Nochwas zum Prüfbericht und wie der auszusehen hat
https://www.kanzlei.biz/30-10-2008-ag-papenburg-4-c-247-08-iv/


----------



## prnvik (10 August 2017)

hey ,

erstmal vielen dank für die Antwort! Also soll ich denen nichts per E-Mail oder sonst irgendwie antworten?


----------



## jupp11 (10 August 2017)

prnvik schrieb:


> Also s*oll* ich denen nichts per E-Mail oder sonst irgendwie antworten?

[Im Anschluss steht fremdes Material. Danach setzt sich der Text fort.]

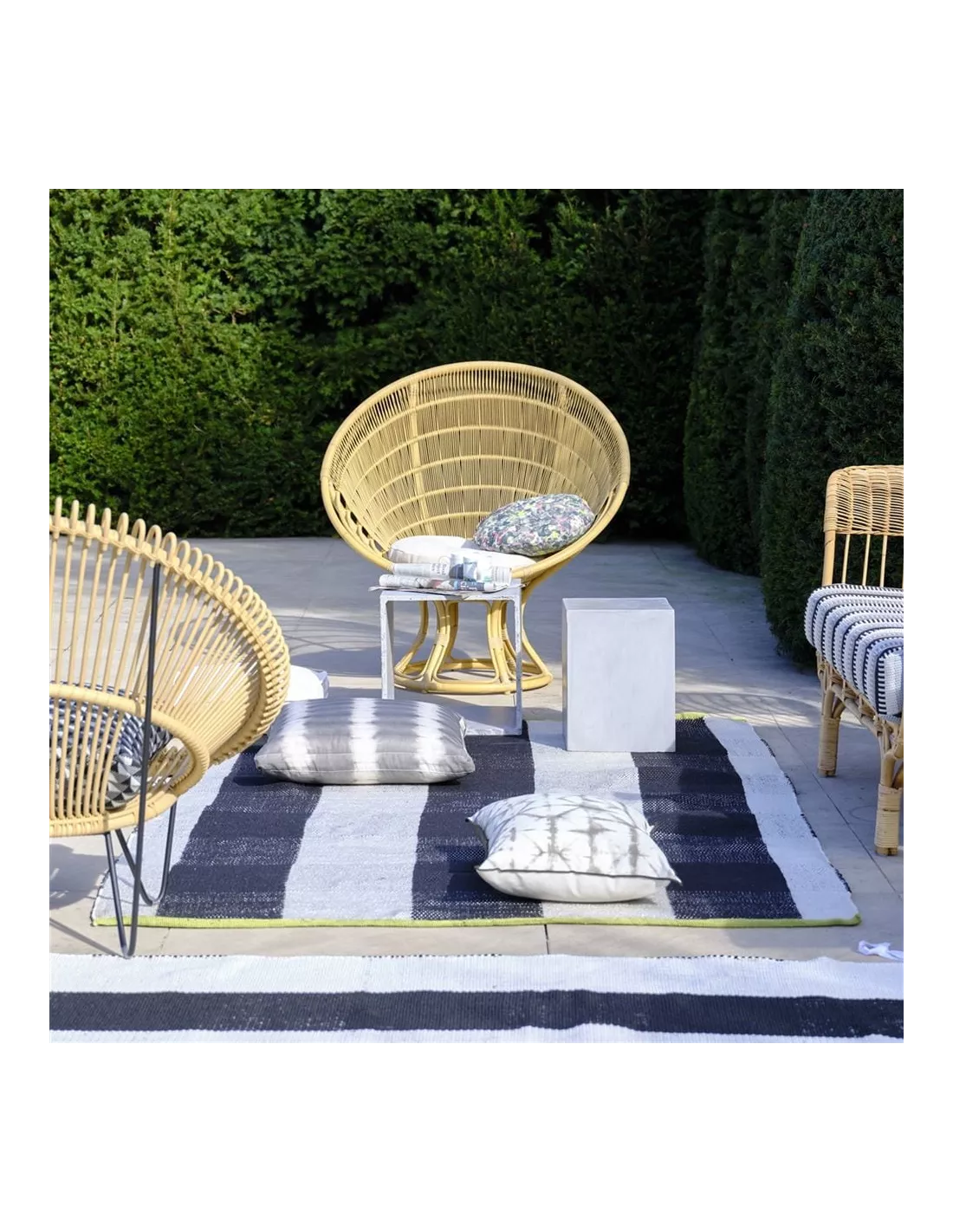 Le tapis Saliya noir Outdoor est parfait pour l’intérieur et l’extérieur. Un motif à carreaux noir et blanc de grande taille avec une bordure vert vif sur deux côtés. Élégant et incroyablement polyvalent, ce tapis à tissage plat durable et facile à nettoyer est fabriqué à partir d’un fil de polyester conçu à base de 875 bouteilles de plastique recyclé. Ce tapis outdoor est disponible en deux tailles, ainsi qu’en tapis de couloir. Designers Guild vous recommande de ne pas laisser ce tapis à l’extérieur dans des conditions météorologiques difficiles ou à la lumière directe du soleil pendant de longues périodes et qu’il faut prendre soin de sécher le tapis s’il est trempé.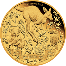 Das bekanntest Tier Australiens ist seit 1986 teil der Münzserie Austrailian Kangaroo in Gold, das Känguru erschien jedoch erst seit 1990 auf der Münze. Vorher zeigte die Bildseite den Welcome-Stranger-Nugget, woraufhin man die Münze auch Gold-Nugget oder Australian Nugget nannte. Die Goldmünze wird in verschiedenen Größen von 1/10 Unze bis 1 Kilogramm produziert.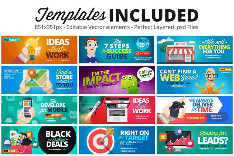 This Mega Bundle contains 12 Facebook cover Templates, each one of them with a High-Quality design template.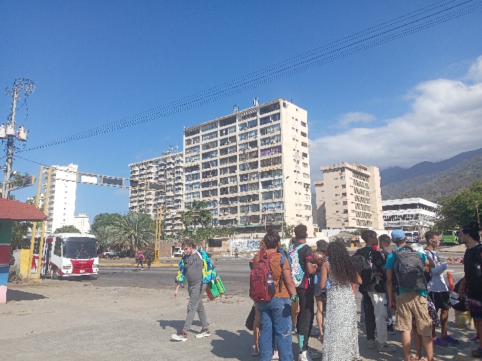 This image depicts a sunny urban landscape in Caraballeda, Venezuela. In the foreground, a group of approximately ten individuals, primarily young adults, stands on a paved surface to the right. Many in this group are wearing casual attire and backpacks, suggesting travel or an outing. One male subject, in the mid-ground, walks from left to right, dressed in a grey tracksuit, carrying several brightly colored mesh bags. To the left, a white and red short bus or shuttle vehicle is stationary on the paved street, positioned near a small, multi-colored building with a reddish roof. A utility pole with multiple transformers and overhead power lines stands prominently on the far left. Above the street, metal gantries with blank signal panels are visible. The background is dominated by several multi-story buildings; the most prominent is a tall, light-colored structure with numerous balconies and windows, suggesting residential use. Another similar building is partially visible to its left, and more urban structures extend to the right. Distant green mountains rise under a clear blue sky with sparse white clouds, forming the horizon line behind the city structures. The scene is illuminated by bright daylight, casting distinct shadows.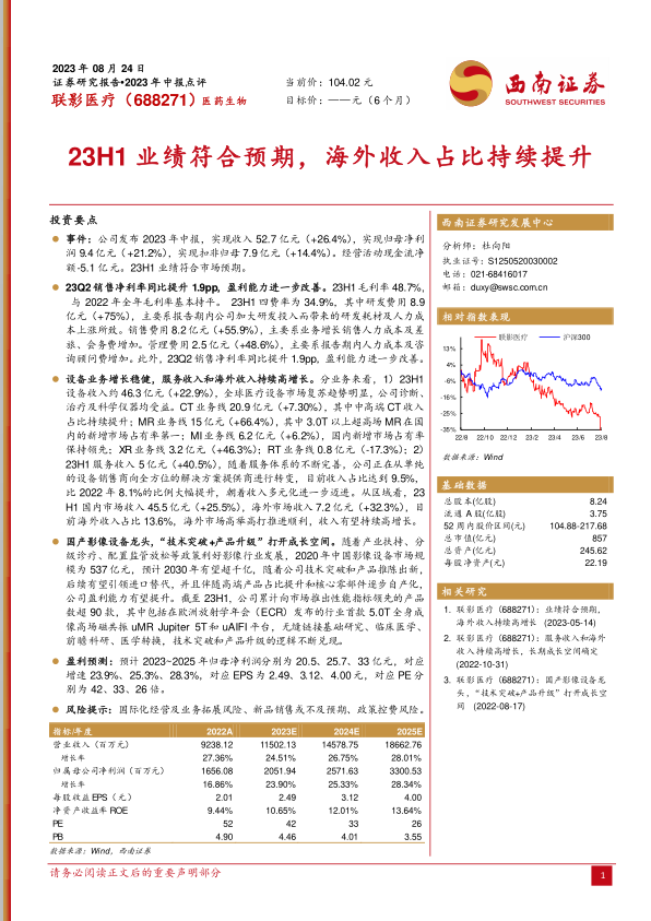 联影医疗在2023年上半年取得了令人瞩目的业绩,营收和归母净利润均实现双位数增长,显示出其强大的市场竞争力和盈利能力。公司通过持续加大研发投入,推动技术突破和产品升级,特别是在高端MR等领域取得了显著的市场领先地位。同时,战略性地拓展服务业务和海外市场,不仅优化了收入结构,也为公司开辟了新的增长点。尽管面临国际化经营、新品销售和政策控费等风险,但凭借其作为国产影像设备龙头的地位、不断创新的产品组合以及广阔的市场前景,联影医疗有望在未来持续保持高速增长,巩固其在医疗影像设备领域的领导地位。

was du tun *sollst* mußt du schon selber entscheiden. 


Hippo schrieb:


> Ich kann Dir nur sagen was ICH machen würde - nämlich genau GARNICHTS.


----------



## BenTigger (10 August 2017)

Mit jeder unnötigen Antwort kann man was falsches schreiben, das dann gegen einen ausgelegt werden kann.
Hast *du* einen Vertrag unterschrieben?
Nein??
Dann Fuck u Göthe...
ist ein Film, den ich dann lieber mit dem Geld im Kino angesehen würde 

Wenn mir so ein Ding gesendet wird, und ich mich bereits bei denen gemeldet habe, würde ich die Inkassobude ignorieren.
Und ICH würde warten bis die mich vor Gericht zerren, um dann zu fragen, habt ihr einen Vertrag mit MIR ? Beweist mal, das ICH die Nummer angerufen habe.


----------